Paul O’Montis (April 3 1894 – July 17 1940) was a German singer, parodist, and cabaret artist.

== Life and work ==
Paul O'Montis, born Paul Wendel, grew up in Hanover and moved to Berlin in 1924, where he gained his first theater experience on various cabaret stages. In 1926, his performance in Friedrich Hollaender's revue Laterna Magica brought him his first recognition in the press. His first record was released in 1927 by Odeon, accompanied by violinist Dajos Béla and his dance orchestra. He recorded a total of 70 tracks with Odeon, though not all were published. In 1929, he switched to Deutsche Grammophon, where he was accompanied by Paul Godwin and his orchestra. Mischa Spoliansky also accompanied him on piano.

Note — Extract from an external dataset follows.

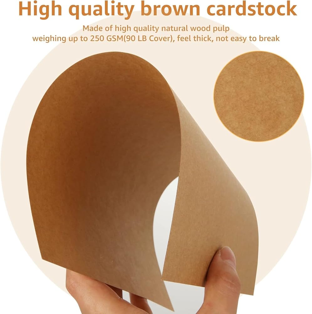 Thick Brown Cardstock: The brown cardstock 8.5 X 11 owns a heavy weight of 250 GSM(90 LB) which allows it sturdy and has thick feelings and is not easy to break
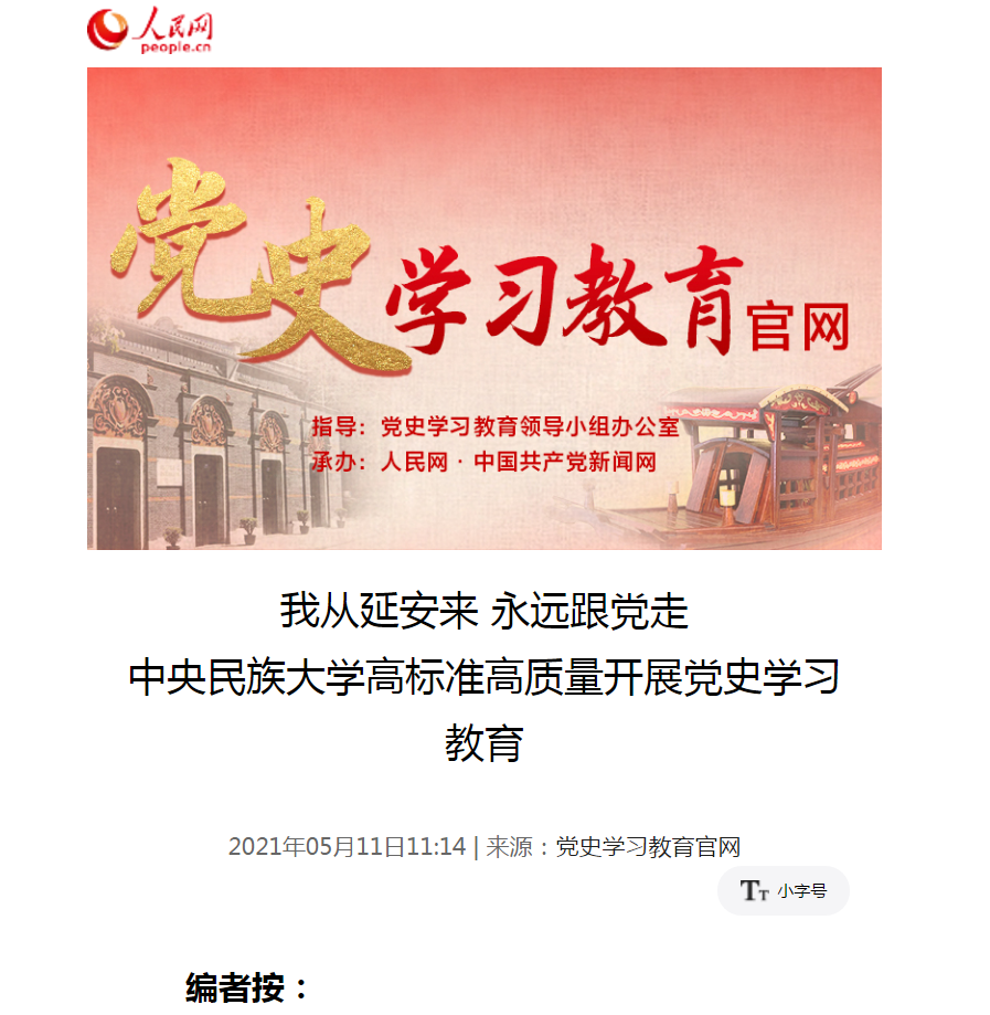 5月11日,由人民网和中国共产党新闻网共同承办的“党史学习教育官网”刊登了一则题为“我从延安来 永远跟党走 william威廉中文官网高标准高质量开展党史学习教育”新闻报道。文章报道了我校有力推进党史学习教育的落实举措和扎实开展学习教育的经验方法,全文如下:

He specialized in sophisticated and caricatured couplets, with a focus on comedic and nonsensical songs characterized by wordplay and double meanings. His openly lived homosexuality also influenced some of his works and interpretations.

The cabaret critic Max Herrmann-Neiße wrote: “Paul O'Montis has the technique to perform even the most banal popular chansons in a way that makes them enjoyable for a more discerning audience, as he humorously parodies them from the outset.” He performed on many famous Berlin cabaret stages, such as Café Meran, Boulevard-Theater, Florida, Simpl, Scala, and Wintergarten. He also appeared at the Corso-Kabarett in Hanover and the Trichter in Hamburg. Additionally, he performed on radio.

After the Nazis came to power in 1933, he fled to Vienna at the end of that year, performing in Austria, the Netherlands, and Switzerland. In 1935, he was banned from performing in Germany. Following the annexation of Austria in 1938, he fled to Prague. There, he was arrested in 1939 and transported first to Zagreb and later to Łódź. The reasons for his arrest and the extensive relocation remain unclear. On May 30, 1940, he was sent to the Sachsenhausen concentration camp as a prisoner marked with the pink triangle. He died there six weeks later at the age of 46. The camp administration’s report claims “suicide,” but other testimonies contradict this, stating that Paul O'Montis was murdered by the block elder.

His grave is located in a communal burial site at the municipal cemetery Altglienicke.